- _EXERCISE_: Within the records below is a range that opens at the line with "Every child is" and closes at the line with "Очень красивый боди". Return that range word for word, both ends included, and only that range.

-- EXCERPTED RECORDS follows --

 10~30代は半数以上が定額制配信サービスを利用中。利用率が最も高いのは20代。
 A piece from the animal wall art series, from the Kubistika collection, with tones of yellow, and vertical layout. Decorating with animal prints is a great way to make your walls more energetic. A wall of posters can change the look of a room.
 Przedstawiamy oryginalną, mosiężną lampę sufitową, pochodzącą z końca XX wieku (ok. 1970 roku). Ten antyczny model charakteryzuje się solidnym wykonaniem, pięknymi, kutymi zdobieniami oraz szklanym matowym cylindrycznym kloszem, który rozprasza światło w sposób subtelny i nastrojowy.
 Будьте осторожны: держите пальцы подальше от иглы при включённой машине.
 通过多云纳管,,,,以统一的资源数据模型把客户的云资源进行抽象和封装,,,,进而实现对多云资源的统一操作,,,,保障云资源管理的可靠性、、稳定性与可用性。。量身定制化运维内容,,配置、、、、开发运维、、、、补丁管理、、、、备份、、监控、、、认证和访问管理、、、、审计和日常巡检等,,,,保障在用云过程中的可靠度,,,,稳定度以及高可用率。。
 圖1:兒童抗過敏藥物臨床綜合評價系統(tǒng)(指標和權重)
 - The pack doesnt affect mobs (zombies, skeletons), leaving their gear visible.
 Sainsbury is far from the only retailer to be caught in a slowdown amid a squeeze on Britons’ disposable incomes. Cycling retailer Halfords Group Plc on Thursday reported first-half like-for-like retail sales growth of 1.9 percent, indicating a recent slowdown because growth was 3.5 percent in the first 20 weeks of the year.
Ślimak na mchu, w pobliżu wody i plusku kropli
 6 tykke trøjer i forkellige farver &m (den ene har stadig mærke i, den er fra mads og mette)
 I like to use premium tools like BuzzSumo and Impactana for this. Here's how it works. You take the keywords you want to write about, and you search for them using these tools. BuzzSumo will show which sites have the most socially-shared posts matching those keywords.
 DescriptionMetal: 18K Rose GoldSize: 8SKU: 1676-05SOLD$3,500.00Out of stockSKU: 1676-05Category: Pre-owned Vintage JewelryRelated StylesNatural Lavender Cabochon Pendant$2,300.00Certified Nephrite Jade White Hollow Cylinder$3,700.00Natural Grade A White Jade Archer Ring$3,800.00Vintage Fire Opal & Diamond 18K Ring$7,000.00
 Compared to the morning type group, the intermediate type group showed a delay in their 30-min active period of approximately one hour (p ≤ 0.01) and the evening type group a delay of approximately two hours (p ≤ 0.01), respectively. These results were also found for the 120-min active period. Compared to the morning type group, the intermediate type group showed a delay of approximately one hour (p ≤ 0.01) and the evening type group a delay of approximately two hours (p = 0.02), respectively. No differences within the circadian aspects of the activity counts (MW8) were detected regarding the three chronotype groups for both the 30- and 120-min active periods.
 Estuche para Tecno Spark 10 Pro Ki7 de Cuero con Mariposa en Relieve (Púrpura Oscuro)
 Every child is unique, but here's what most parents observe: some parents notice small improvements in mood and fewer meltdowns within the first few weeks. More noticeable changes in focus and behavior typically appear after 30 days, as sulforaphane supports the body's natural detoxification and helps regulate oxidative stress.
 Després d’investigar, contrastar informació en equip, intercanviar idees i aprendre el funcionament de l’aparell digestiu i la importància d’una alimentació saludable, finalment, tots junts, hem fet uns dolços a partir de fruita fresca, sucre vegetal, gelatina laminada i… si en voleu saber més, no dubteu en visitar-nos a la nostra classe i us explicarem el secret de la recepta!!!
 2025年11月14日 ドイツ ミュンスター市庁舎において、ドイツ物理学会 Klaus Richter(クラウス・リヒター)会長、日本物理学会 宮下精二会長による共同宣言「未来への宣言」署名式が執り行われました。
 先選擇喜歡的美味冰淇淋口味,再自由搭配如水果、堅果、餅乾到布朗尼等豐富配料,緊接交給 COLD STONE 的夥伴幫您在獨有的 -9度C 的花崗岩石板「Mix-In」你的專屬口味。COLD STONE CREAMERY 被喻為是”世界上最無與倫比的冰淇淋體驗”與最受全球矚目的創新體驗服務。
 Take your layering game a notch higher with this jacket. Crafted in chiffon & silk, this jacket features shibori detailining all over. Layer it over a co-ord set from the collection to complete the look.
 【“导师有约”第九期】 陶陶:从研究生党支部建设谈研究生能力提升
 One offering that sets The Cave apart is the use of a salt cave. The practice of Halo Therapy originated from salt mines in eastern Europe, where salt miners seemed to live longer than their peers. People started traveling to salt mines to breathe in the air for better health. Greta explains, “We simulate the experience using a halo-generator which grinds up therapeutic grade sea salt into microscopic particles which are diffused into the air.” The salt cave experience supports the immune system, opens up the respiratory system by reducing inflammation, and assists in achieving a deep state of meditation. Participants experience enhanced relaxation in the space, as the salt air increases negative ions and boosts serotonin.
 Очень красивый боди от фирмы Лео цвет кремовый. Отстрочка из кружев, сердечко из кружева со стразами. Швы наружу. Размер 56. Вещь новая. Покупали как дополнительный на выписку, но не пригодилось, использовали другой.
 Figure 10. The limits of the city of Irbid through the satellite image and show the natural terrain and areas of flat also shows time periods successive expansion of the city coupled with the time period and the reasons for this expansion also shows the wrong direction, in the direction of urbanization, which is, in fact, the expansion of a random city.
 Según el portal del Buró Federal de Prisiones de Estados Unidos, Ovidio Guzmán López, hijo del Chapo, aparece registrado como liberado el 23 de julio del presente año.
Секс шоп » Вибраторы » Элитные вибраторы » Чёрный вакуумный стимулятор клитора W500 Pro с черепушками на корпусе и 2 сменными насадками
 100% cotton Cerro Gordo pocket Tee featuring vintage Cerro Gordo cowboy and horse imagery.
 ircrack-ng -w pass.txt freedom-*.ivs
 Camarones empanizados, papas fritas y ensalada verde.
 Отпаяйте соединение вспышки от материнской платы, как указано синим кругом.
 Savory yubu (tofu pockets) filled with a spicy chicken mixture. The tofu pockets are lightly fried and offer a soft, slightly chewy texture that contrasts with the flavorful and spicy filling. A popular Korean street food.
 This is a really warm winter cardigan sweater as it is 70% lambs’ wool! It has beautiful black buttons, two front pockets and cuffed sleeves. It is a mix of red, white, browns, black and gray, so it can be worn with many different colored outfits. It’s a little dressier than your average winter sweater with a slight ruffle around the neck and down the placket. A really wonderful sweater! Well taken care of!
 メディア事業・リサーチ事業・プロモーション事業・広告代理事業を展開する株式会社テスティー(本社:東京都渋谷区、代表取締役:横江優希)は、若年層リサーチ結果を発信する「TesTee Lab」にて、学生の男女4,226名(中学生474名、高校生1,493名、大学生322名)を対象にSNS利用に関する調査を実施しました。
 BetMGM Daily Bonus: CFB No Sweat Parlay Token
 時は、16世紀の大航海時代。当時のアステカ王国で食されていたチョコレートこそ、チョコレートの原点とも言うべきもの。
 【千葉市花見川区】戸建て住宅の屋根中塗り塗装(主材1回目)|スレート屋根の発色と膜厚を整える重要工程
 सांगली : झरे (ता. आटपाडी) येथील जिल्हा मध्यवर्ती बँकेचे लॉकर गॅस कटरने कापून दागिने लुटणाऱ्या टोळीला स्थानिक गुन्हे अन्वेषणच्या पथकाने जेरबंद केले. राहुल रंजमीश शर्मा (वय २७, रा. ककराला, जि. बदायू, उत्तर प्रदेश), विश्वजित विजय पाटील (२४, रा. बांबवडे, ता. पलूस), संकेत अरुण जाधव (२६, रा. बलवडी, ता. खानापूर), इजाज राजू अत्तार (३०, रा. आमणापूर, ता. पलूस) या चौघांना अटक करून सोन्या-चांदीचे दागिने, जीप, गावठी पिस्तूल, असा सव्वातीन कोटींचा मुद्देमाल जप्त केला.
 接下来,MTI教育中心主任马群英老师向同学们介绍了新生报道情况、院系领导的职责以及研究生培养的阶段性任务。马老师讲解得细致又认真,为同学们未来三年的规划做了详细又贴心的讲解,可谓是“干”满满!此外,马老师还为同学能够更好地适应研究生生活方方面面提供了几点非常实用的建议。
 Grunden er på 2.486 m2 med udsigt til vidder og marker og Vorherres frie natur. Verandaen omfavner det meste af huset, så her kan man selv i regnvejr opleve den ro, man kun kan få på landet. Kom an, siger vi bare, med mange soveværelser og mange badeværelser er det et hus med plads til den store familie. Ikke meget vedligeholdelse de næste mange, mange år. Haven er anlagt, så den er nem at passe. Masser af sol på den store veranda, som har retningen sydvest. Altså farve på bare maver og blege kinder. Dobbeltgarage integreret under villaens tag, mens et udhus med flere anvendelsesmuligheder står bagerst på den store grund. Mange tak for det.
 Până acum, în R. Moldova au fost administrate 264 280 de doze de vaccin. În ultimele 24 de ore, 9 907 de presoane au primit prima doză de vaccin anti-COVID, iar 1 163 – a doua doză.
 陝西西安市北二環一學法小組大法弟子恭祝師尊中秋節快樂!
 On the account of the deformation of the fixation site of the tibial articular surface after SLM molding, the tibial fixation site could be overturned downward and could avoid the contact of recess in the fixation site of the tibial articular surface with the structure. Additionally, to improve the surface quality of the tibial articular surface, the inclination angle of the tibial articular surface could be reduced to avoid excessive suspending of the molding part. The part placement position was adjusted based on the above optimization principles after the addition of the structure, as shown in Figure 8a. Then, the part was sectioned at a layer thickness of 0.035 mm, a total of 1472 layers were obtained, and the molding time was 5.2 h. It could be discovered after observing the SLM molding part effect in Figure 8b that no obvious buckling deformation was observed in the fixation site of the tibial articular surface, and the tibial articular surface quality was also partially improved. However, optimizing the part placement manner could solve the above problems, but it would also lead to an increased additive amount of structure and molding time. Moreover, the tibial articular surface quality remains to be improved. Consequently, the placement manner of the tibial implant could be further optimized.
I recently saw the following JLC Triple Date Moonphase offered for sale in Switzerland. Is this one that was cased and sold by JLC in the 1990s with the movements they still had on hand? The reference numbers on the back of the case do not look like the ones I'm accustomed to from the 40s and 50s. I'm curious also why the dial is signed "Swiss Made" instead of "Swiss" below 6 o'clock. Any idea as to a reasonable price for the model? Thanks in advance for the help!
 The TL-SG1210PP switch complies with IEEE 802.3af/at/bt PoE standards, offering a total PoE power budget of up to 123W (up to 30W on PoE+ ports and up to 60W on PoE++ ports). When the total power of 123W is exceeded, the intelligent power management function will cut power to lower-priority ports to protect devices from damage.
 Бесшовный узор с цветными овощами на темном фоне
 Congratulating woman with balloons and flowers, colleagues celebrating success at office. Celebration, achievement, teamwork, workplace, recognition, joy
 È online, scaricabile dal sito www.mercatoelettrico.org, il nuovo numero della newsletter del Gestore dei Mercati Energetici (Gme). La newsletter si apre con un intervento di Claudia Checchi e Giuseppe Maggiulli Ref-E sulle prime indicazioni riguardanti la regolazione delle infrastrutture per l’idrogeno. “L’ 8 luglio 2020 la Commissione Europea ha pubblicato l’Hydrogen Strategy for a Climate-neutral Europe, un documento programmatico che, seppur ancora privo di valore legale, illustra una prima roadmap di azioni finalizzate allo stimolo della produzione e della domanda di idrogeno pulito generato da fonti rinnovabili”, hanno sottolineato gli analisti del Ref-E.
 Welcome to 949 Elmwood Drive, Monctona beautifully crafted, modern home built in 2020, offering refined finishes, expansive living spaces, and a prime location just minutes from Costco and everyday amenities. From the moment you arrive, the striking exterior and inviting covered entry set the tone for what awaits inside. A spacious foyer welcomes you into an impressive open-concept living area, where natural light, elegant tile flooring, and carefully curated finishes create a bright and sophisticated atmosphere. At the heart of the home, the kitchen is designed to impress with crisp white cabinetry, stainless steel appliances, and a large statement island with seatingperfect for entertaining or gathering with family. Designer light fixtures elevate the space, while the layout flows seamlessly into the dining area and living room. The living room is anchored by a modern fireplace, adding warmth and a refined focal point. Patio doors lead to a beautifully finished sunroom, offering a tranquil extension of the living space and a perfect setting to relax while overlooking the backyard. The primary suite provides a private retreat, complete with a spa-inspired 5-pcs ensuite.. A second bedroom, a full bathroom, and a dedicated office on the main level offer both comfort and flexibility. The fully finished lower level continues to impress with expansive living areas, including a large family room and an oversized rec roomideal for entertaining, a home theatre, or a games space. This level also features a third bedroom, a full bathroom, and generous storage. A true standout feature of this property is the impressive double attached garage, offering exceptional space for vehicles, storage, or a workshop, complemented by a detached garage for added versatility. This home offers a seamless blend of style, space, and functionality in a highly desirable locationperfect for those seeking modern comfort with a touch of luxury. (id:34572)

-- EXCERPTED RECORDS concluded --

- _RESPONSE TO THIS TASK_:
 Every child is unique, but here's what most parents observe: some parents notice small improvements in mood and fewer meltdowns within the first few weeks. More noticeable changes in focus and behavior typically appear after 30 days, as sulforaphane supports the body's natural detoxification and helps regulate oxidative stress.
 Després d’investigar, contrastar informació en equip, intercanviar idees i aprendre el funcionament de l’aparell digestiu i la importància d’una alimentació saludable, finalment, tots junts, hem fet uns dolços a partir de fruita fresca, sucre vegetal, gelatina laminada i… si en voleu saber més, no dubteu en visitar-nos a la nostra classe i us explicarem el secret de la recepta!!!
 2025年11月14日 ドイツ ミュンスター市庁舎において、ドイツ物理学会 Klaus Richter(クラウス・リヒター)会長、日本物理学会 宮下精二会長による共同宣言「未来への宣言」署名式が執り行われました。
 先選擇喜歡的美味冰淇淋口味,再自由搭配如水果、堅果、餅乾到布朗尼等豐富配料,緊接交給 COLD STONE 的夥伴幫您在獨有的 -9度C 的花崗岩石板「Mix-In」你的專屬口味。COLD STONE CREAMERY 被喻為是”世界上最無與倫比的冰淇淋體驗”與最受全球矚目的創新體驗服務。
 Take your layering game a notch higher with this jacket. Crafted in chiffon & silk, this jacket features shibori detailining all over. Layer it over a co-ord set from the collection to complete the look.
 【“导师有约”第九期】 陶陶:从研究生党支部建设谈研究生能力提升
 One offering that sets The Cave apart is the use of a salt cave. The practice of Halo Therapy originated from salt mines in eastern Europe, where salt miners seemed to live longer than their peers. People started traveling to salt mines to breathe in the air for better health. Greta explains, “We simulate the experience using a halo-generator which grinds up therapeutic grade sea salt into microscopic particles which are diffused into the air.” The salt cave experience supports the immune system, opens up the respiratory system by reducing inflammation, and assists in achieving a deep state of meditation. Participants experience enhanced relaxation in the space, as the salt air increases negative ions and boosts serotonin.
 Очень красивый боди от фирмы Лео цвет кремовый. Отстрочка из кружев, сердечко из кружева со стразами. Швы наружу. Размер 56. Вещь новая. Покупали как дополнительный на выписку, но не пригодилось, использовали другой.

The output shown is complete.